#### Records supplied:

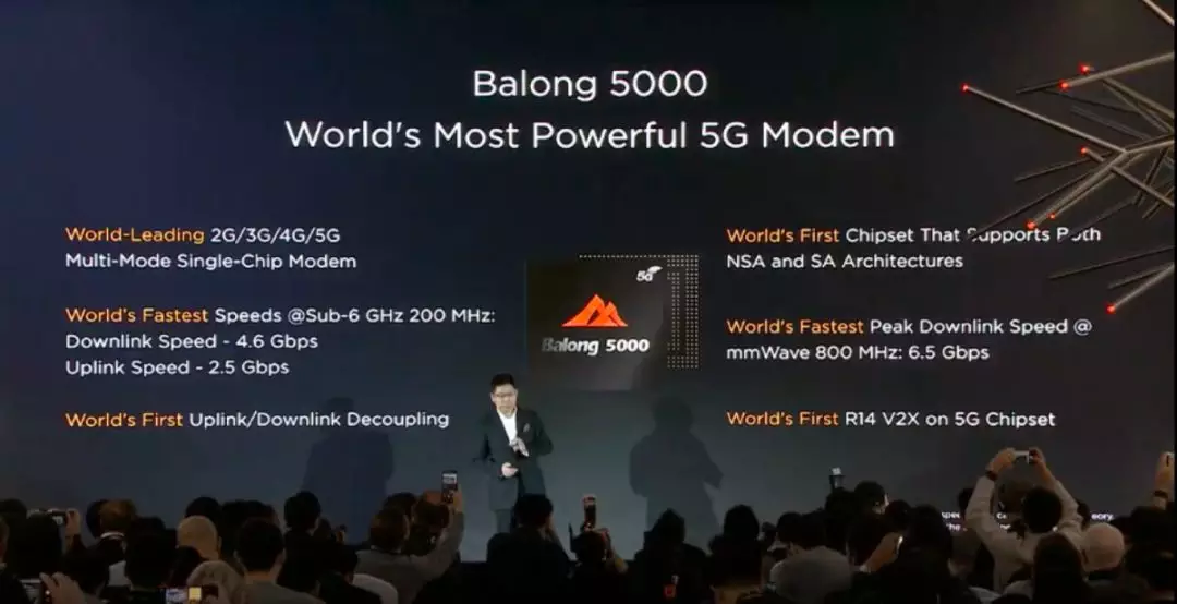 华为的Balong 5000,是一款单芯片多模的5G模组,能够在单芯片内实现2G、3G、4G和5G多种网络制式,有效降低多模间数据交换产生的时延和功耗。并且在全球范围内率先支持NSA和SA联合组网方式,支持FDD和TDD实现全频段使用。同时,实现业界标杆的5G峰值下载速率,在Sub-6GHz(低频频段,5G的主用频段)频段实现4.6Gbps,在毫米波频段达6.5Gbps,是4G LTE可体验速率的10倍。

---

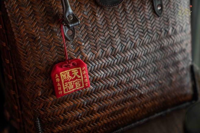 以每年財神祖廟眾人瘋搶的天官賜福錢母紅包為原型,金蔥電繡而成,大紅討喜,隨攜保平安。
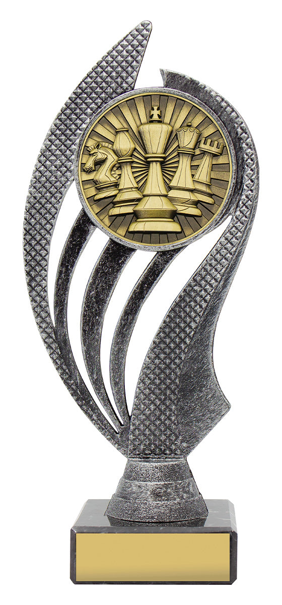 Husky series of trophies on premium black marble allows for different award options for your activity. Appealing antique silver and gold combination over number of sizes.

#### Exercise directions:
In the listing above, find the line with "以每年財神祖廟眾人瘋搶的天官" and the line with "Husky series of". Copy exactly those lines and all between them, minus the images.

#### Answer to this exercise:
 以每年財神祖廟眾人瘋搶的天官賜福錢母紅包為原型,金蔥電繡而成,大紅討喜,隨攜保平安。
 Husky series of trophies on premium black marble allows for different award options for your activity. Appealing antique silver and gold combination over number of sizes.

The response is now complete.